1- Access the Internet from the inside --> which means you need PAT
(overload)

2- You have a mail server inside and you need the outside to access it (let
s forget Security)

So you need two kinds of NAT

ip nat inside source list 1 interface Dialer1 overload
ip nat inside source static udp 192.168.18.1 25 191.55.55.55 25 extendable
access-list 1 permit 192.168.18.0 0.0.0.255

The first is to access the Internet form inside.
The second one to access the mail server from outside.

This is the ambiguity Cisco talks about on the previous paper.
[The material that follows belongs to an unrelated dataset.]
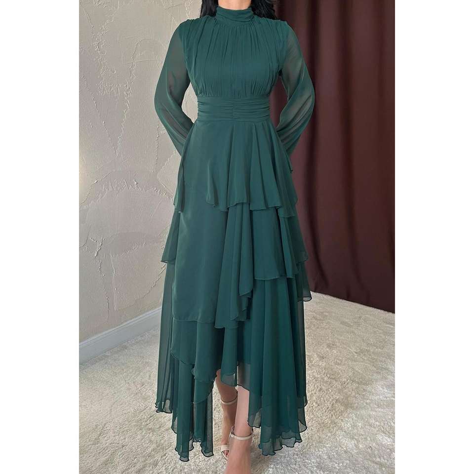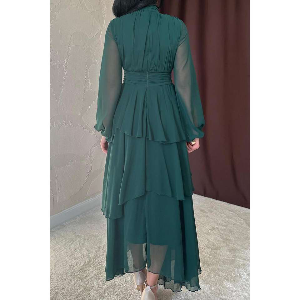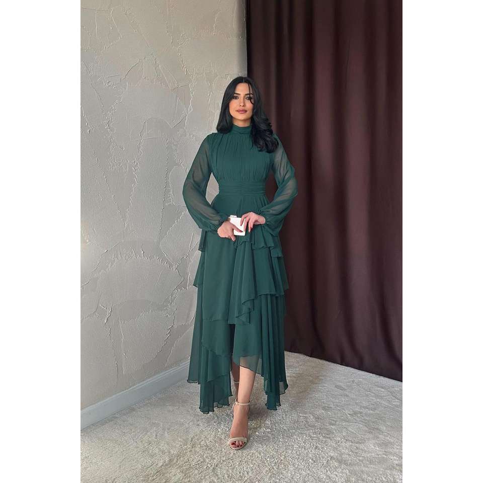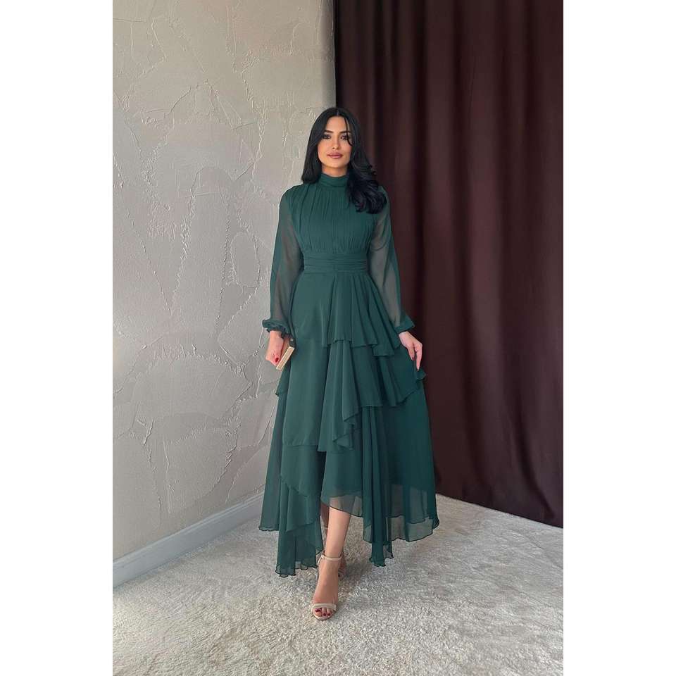 ขายส่งชุดเดรสชีฟองทรงเอพร้อมดีเทลเอวทรงเอ็มไพร์สีมรกต
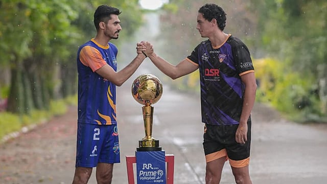 പ്രൈം വോളിബോള് ലീഗ് നാലാം സീസണിന്റെ ഫൈനല് പോരാട്ടത്തിന് മുന്നോടിയായി മുംബൈ മിറ്റിയോഴ്സ് ക്യാപ്റ്റന് അമിത് ഗുലിയയും ബെംഗളൂരു ടോര്പിഡോസ് ക്യാപ്റ്റന് മാറ്റ് വെസ്റ്റും ട്രോഫിക്കൊപ്പം ഫോട്ടോയ്ക്ക് പോസ് ചെയ്തപ്പോള്.

You could add
another line for POP3 also,

--Richard

-----Original Message-----
From: Richard Dumoulin
Sent: martes, 13 de julio de 2004 22:46
To: Cooper, David; CCIE LAB List
Subject: RE: Nat Expandable

David, I am not sure because I have not used it often, but I believe it
tells NAT to look into TCP/UDP header vs only IP header info,

--Richard

-----Original Message-----
From: Cooper, David [mailto:CooperD@netsolve.com]
Sent: martes, 13 de julio de 2004 19:57
To: CCIE LAB List
Subject: Nat Expandable

Can anyone tell me what the expandable command at the end of an IP NAT
inside/outside actually does? I can not find any good references on Cisco
and it seems to be a fairly new command. Thanks!